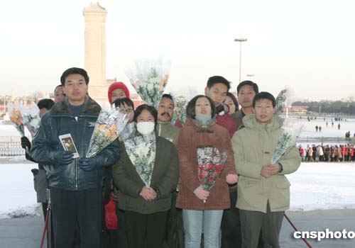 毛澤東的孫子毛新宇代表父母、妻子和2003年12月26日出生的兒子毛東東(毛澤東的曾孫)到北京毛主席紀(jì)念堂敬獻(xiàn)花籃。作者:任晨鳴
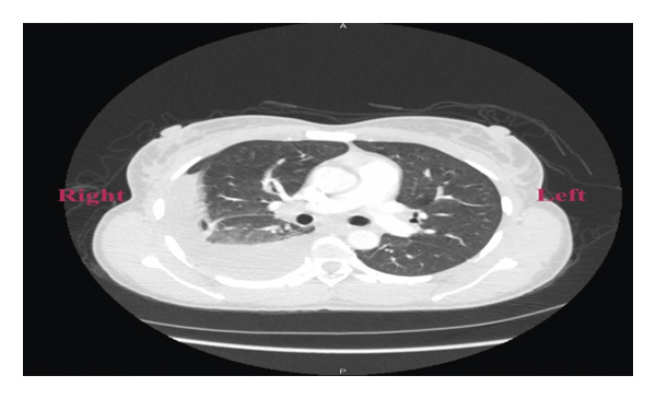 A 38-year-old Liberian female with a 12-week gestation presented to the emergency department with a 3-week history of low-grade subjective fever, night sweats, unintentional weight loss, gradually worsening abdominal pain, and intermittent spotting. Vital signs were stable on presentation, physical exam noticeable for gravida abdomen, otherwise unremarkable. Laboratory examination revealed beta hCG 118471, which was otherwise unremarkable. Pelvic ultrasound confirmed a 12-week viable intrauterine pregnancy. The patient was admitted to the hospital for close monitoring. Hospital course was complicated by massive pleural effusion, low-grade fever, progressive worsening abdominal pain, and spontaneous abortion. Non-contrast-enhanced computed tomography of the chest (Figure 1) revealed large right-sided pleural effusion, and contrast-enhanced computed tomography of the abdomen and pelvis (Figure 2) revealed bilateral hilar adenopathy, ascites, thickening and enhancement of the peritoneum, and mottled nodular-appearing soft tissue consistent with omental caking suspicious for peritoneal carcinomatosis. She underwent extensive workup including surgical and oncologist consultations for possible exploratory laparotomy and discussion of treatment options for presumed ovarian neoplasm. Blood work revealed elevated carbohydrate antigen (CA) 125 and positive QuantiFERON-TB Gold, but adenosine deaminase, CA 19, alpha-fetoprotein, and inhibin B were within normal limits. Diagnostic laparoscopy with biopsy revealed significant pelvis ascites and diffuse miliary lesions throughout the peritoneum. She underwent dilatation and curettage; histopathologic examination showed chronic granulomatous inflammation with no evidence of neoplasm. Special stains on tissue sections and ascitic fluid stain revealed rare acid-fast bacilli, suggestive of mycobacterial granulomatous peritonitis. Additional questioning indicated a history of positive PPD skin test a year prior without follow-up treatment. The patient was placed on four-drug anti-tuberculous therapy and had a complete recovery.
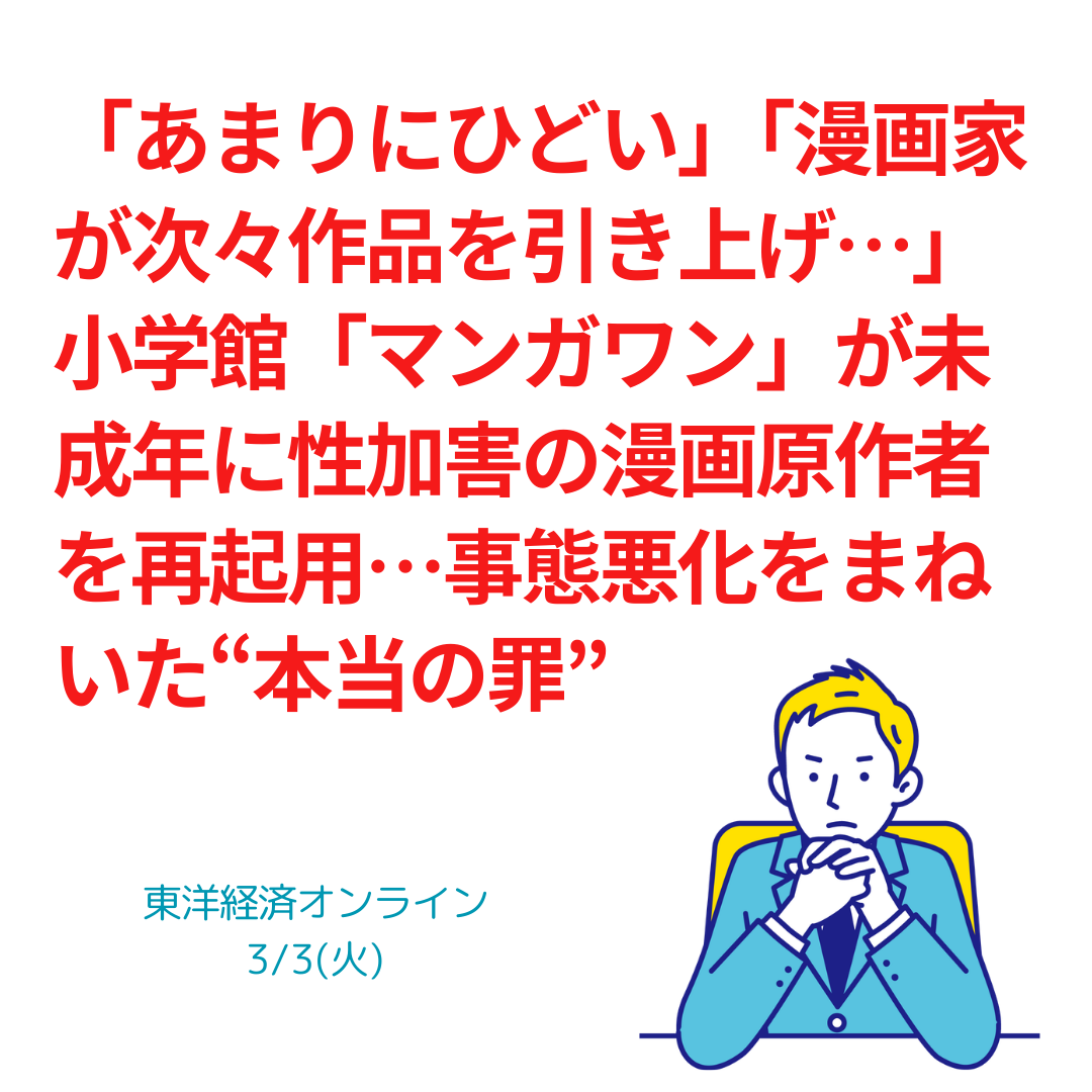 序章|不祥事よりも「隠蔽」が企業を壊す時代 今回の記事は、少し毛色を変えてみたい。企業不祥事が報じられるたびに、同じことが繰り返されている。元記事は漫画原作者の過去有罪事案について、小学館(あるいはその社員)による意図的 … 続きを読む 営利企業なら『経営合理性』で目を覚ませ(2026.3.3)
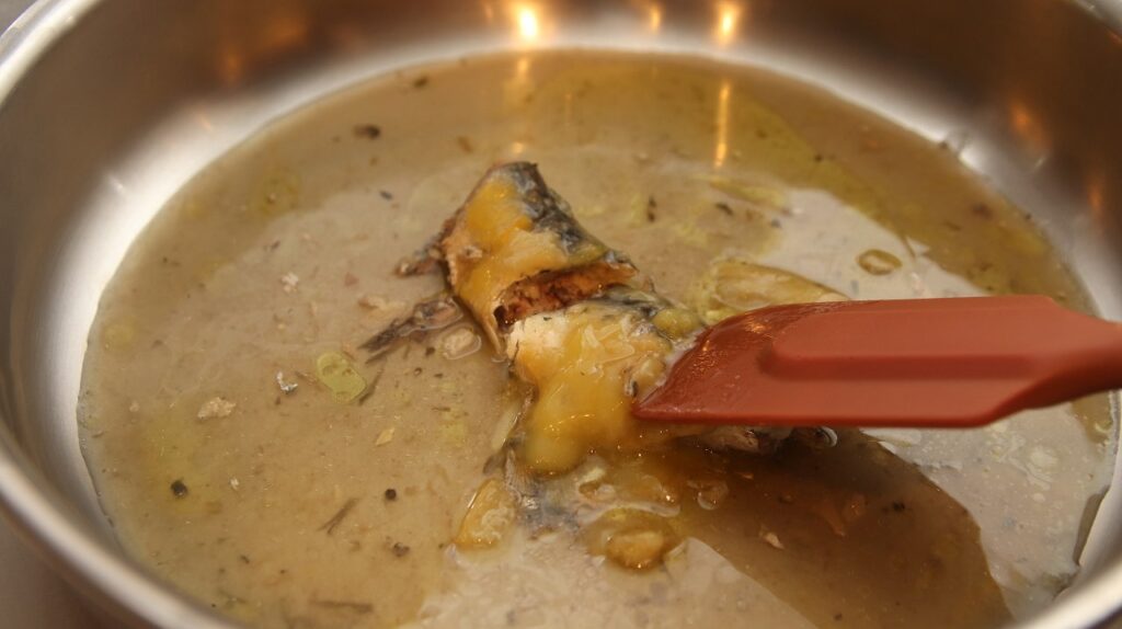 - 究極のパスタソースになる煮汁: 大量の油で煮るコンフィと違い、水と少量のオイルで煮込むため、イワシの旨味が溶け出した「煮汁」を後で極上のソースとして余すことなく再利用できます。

■ **ABOUT THIS TASK**:
Go through the listing and restate each line word for word, leaving out the pictures.

■ **PROBLEM SOLUTION**:
 毛澤東的孫子毛新宇代表父母、妻子和2003年12月26日出生的兒子毛東東(毛澤東的曾孫)到北京毛主席紀(jì)念堂敬獻(xiàn)花籃。作者:任晨鳴
 A 38-year-old Liberian female with a 12-week gestation presented to the emergency department with a 3-week history of low-grade subjective fever, night sweats, unintentional weight loss, gradually worsening abdominal pain, and intermittent spotting. Vital signs were stable on presentation, physical exam noticeable for gravida abdomen, otherwise unremarkable. Laboratory examination revealed beta hCG 118471, which was otherwise unremarkable. Pelvic ultrasound confirmed a 12-week viable intrauterine pregnancy. The patient was admitted to the hospital for close monitoring. Hospital course was complicated by massive pleural effusion, low-grade fever, progressive worsening abdominal pain, and spontaneous abortion. Non-contrast-enhanced computed tomography of the chest (Figure 1) revealed large right-sided pleural effusion, and contrast-enhanced computed tomography of the abdomen and pelvis (Figure 2) revealed bilateral hilar adenopathy, ascites, thickening and enhancement of the peritoneum, and mottled nodular-appearing soft tissue consistent with omental caking suspicious for peritoneal carcinomatosis. She underwent extensive workup including surgical and oncologist consultations for possible exploratory laparotomy and discussion of treatment options for presumed ovarian neoplasm. Blood work revealed elevated carbohydrate antigen (CA) 125 and positive QuantiFERON-TB Gold, but adenosine deaminase, CA 19, alpha-fetoprotein, and inhibin B were within normal limits. Diagnostic laparoscopy with biopsy revealed significant pelvis ascites and diffuse miliary lesions throughout the peritoneum. She underwent dilatation and curettage; histopathologic examination showed chronic granulomatous inflammation with no evidence of neoplasm. Special stains on tissue sections and ascitic fluid stain revealed rare acid-fast bacilli, suggestive of mycobacterial granulomatous peritonitis. Additional questioning indicated a history of positive PPD skin test a year prior without follow-up treatment. The patient was placed on four-drug anti-tuberculous therapy and had a complete recovery.
 序章|不祥事よりも「隠蔽」が企業を壊す時代 今回の記事は、少し毛色を変えてみたい。企業不祥事が報じられるたびに、同じことが繰り返されている。元記事は漫画原作者の過去有罪事案について、小学館(あるいはその社員)による意図的 … 続きを読む 営利企業なら『経営合理性』で目を覚ませ(2026.3.3)
 - 究極のパスタソースになる煮汁: 大量の油で煮るコンフィと違い、水と少量のオイルで煮込むため、イワシの旨味が溶け出した「煮汁」を後で極上のソースとして余すことなく再利用できます。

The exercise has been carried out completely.